» AIM OF THE TASK: Please copy exactly the part of the records below that opens with the line containing "Chic and modern" and closes with the line containing "Bracelet: Brushed stainless", leaving out any pictures.

» DATA SUPPLIED:
════

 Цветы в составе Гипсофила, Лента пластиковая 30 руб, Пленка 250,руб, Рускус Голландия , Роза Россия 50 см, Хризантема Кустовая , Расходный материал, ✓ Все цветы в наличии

════

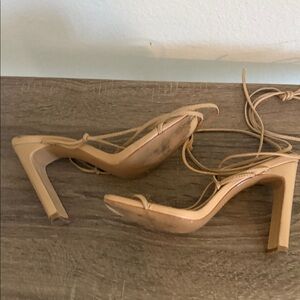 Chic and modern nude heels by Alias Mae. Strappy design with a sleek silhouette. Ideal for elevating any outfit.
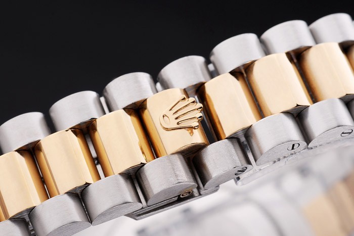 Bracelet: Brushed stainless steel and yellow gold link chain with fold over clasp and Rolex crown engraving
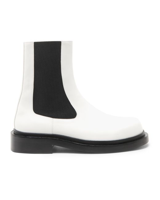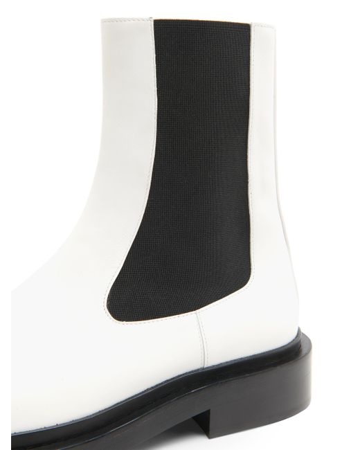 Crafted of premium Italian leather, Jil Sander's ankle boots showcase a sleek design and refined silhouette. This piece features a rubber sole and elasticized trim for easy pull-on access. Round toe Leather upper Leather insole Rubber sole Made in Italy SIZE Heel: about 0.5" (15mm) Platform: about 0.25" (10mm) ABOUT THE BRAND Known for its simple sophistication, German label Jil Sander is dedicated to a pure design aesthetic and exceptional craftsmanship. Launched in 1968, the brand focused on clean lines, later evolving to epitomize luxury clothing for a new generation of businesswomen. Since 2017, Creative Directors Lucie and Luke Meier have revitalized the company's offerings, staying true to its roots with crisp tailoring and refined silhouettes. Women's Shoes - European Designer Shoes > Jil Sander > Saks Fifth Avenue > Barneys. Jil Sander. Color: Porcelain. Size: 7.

════

» REPLY TO THE TASK:
 Chic and modern nude heels by Alias Mae. Strappy design with a sleek silhouette. Ideal for elevating any outfit.
 Bracelet: Brushed stainless steel and yellow gold link chain with fold over clasp and Rolex crown engraving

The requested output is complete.